_WORK ITEM_
Quote these lines exactly: the one that holds "BILLIONS LIFTER® vacuum" and every line after it to the end of the material below. Skip pictures.

- - - -

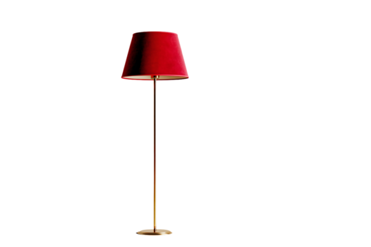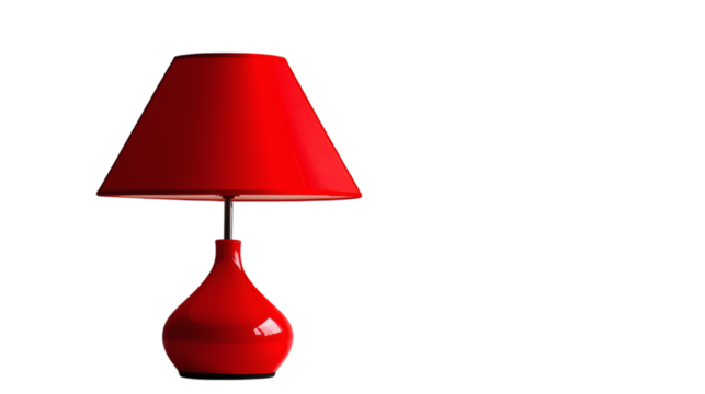 Red ceramic table lamp with conical shade isolated on transparent background. Red lamp isolated on white background.
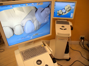 ペン型の小型カメラでお口の中の状態を診療台にある液晶モニターに映し出します。鏡では見えない奥歯の虫歯や歯ぐきの状態が手に取る様に分かり、患者様にも治療の状態を良く理解していただけます。
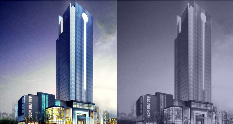 The building is divided into two parts including podium and tower. The podium reformed with large areas of glass curtain wall combined with stone walls, and the curtain walls changed by the use of white frame, dark frame and different ways of dividing.The tower of a large area of the transverse vertical lines combined with partial intensive metal grille, making the whole building can be achieved sense of the curtain wall even if the windows are designed. The protuberant design of glass curtain wall of white frame on the rooftop combined stone fence, highlighting the building’s fashion sense.
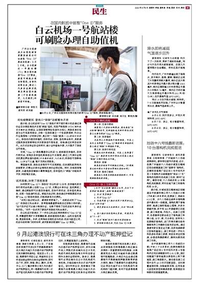 广州白云机场成为全国机场首家提供旅客出行全流程“One ID”服务的机场!8月5日起,白云机场在一号航站楼(T1)推出国内航班“One ID”服务,旅客可刷脸办理自助值机、自助托运等业务,通过二代
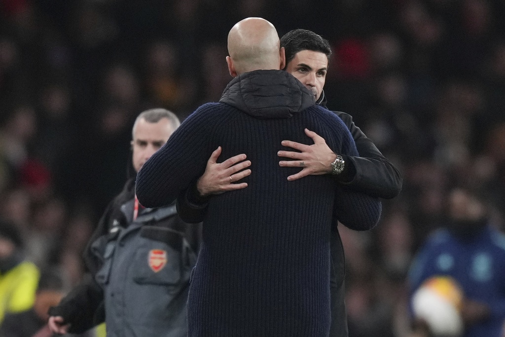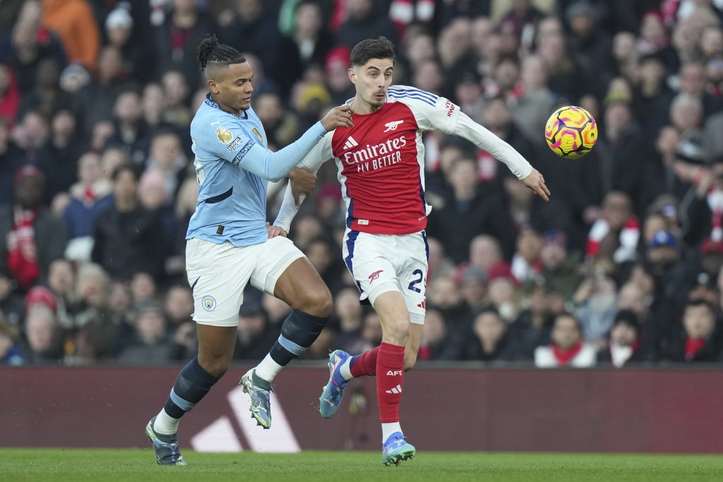 Arsenal’s Martin Odegaard celebrates scoring his side’s opening goal during the English Premier League soccer match between Arsenal and Manchester City at the Emirates stadium in London, Sunday, Feb. 2, 2025. (AP Photo/Alastair Grant)Arsenal’s Ethan Nwaneri, right, celebrates scoring his side’s 5th goal during the English Premier League soccer match between Arsenal and Manchester City at the Emirates stadium in London, Sunday, Feb. 2, 2025. (AP Photo/Alastair Grant)Arsenal’s manager Mikel Arteta, background, hugs Manchester City’s head coach Pep Guardiola at the end of the English Premier League soccer match between Arsenal and Manchester City at the Emirates stadium in London, Sunday, Feb. 2, 2025. (AP Photo/Alastair Grant)Manchester City’s Erling Haaland celebrates scoring his side’s first goal during the English Premier League soccer match between Arsenal and Manchester City at the Emirates stadium in London, Sunday, Feb. 2, 2025. (Adam Davy/PA via AP)Arsenal’s Leandro Trossard, left, and Manchester City’s Matheus Nunes vie for the ball during the English Premier League soccer match between Arsenal and Manchester City at the Emirates stadium in London, Sunday, Feb. 2, 2025. (AP Photo/Alastair Grant)Arsenal’s Declan Rice, right, tries to block a shot from Manchester City’s Mateo Kovacic during the English Premier League soccer match between Arsenal and Manchester City at the Emirates stadium in London, Sunday, Feb. 2, 2025. (AP Photo/Alastair Grant)Arsenal’s Kai Havertz, background, reacts after missing a chance to score during the English Premier League soccer match between Arsenal and Manchester City at the Emirates stadium in London, Sunday, Feb. 2, 2025. (AP Photo/Alastair Grant)Manchester City’s Manuel Akanji, left, and Arsenal’s Kai Havertz vie for the ball during the English Premier League soccer match between Arsenal and Manchester City at the Emirates stadium in London, Sunday, Feb. 2, 2025. (AP Photo/Alastair Grant)
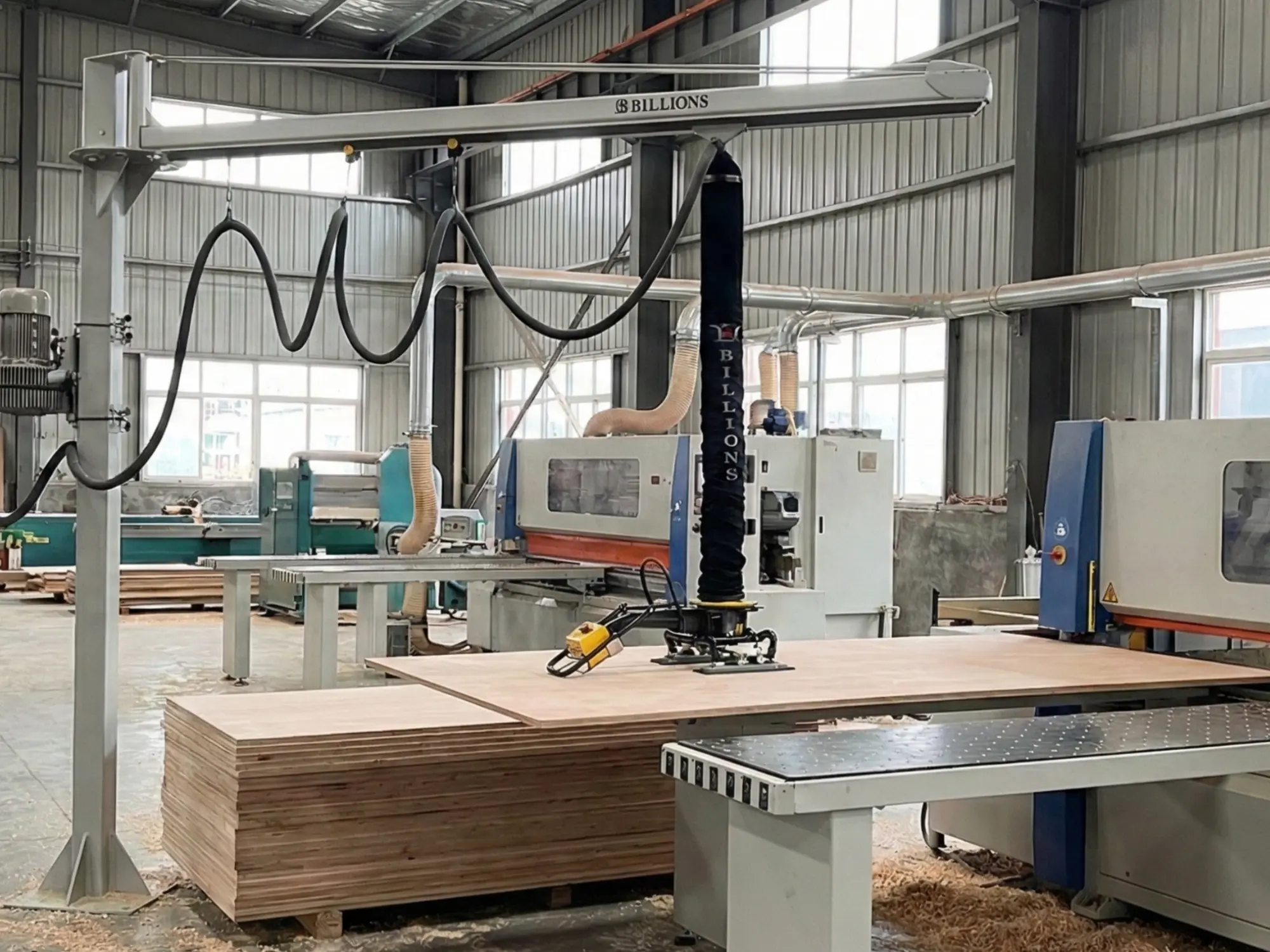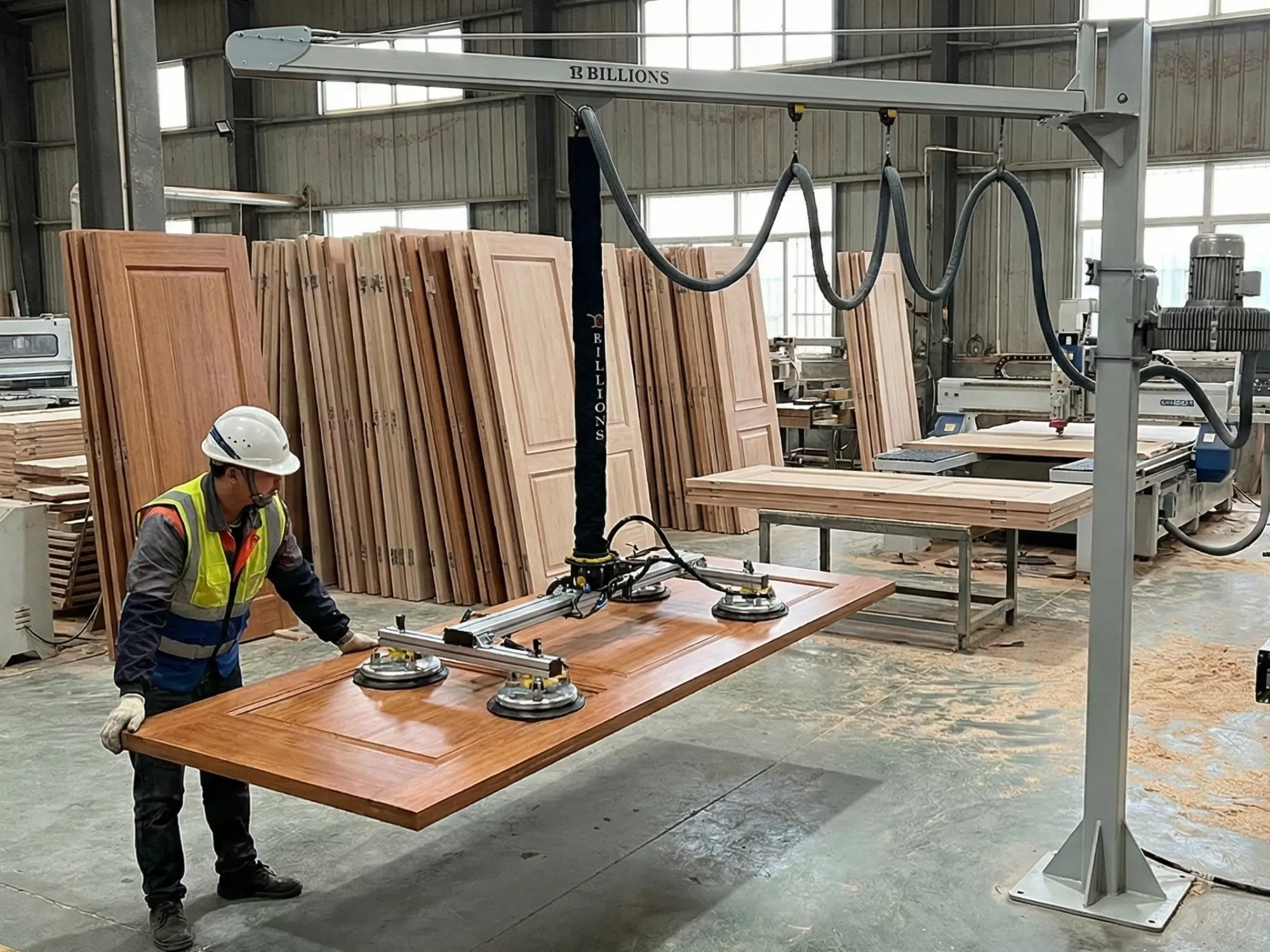 BILLIONS LIFTER® vacuum lifting systems integrate into woodworking, furniture, door manufacturing, stone processing, and panel production workflows to improve safety, speed, and material protection.
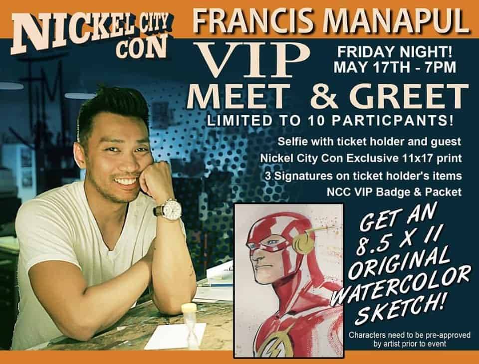 Nickel City Con 2019 offers a once in a lifetime VIP package with superstar comic creator Francis Manapul, which includes an 8.5 x 11 original watercolor sketch and a 3-day flash pass! This item is limited to 10 participants so get yours while you still can! Get tickets hereā¦
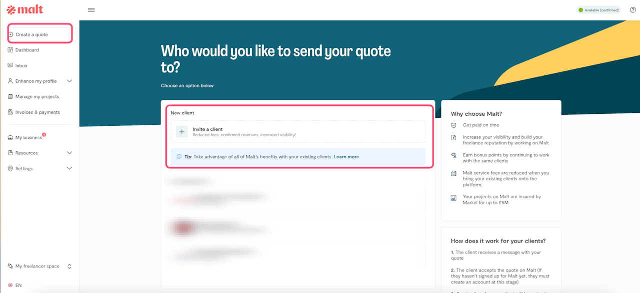 Do you work with a client outside of Malt? Whether your client is already a Malt user or not, invite him and both benefit from all of our services for your assignments.
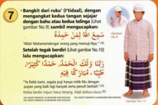 7. • Bangkit dari ruku’ (I’tidaal), dengan mengangkat kedua tangan sejajar dengan bahu atau kedua telinga sambil mengucapkan:

- - - -

_SOLUTION TO THE PROBLEM_
 BILLIONS LIFTER® vacuum lifting systems integrate into woodworking, furniture, door manufacturing, stone processing, and panel production workflows to improve safety, speed, and material protection.
 Nickel City Con 2019 offers a once in a lifetime VIP package with superstar comic creator Francis Manapul, which includes an 8.5 x 11 original watercolor sketch and a 3-day flash pass! This item is limited to 10 participants so get yours while you still can! Get tickets hereā¦
 Do you work with a client outside of Malt? Whether your client is already a Malt user or not, invite him and both benefit from all of our services for your assignments.
 7. • Bangkit dari ruku’ (I’tidaal), dengan mengangkat kedua tangan sejajar dengan bahu atau kedua telinga sambil mengucapkan:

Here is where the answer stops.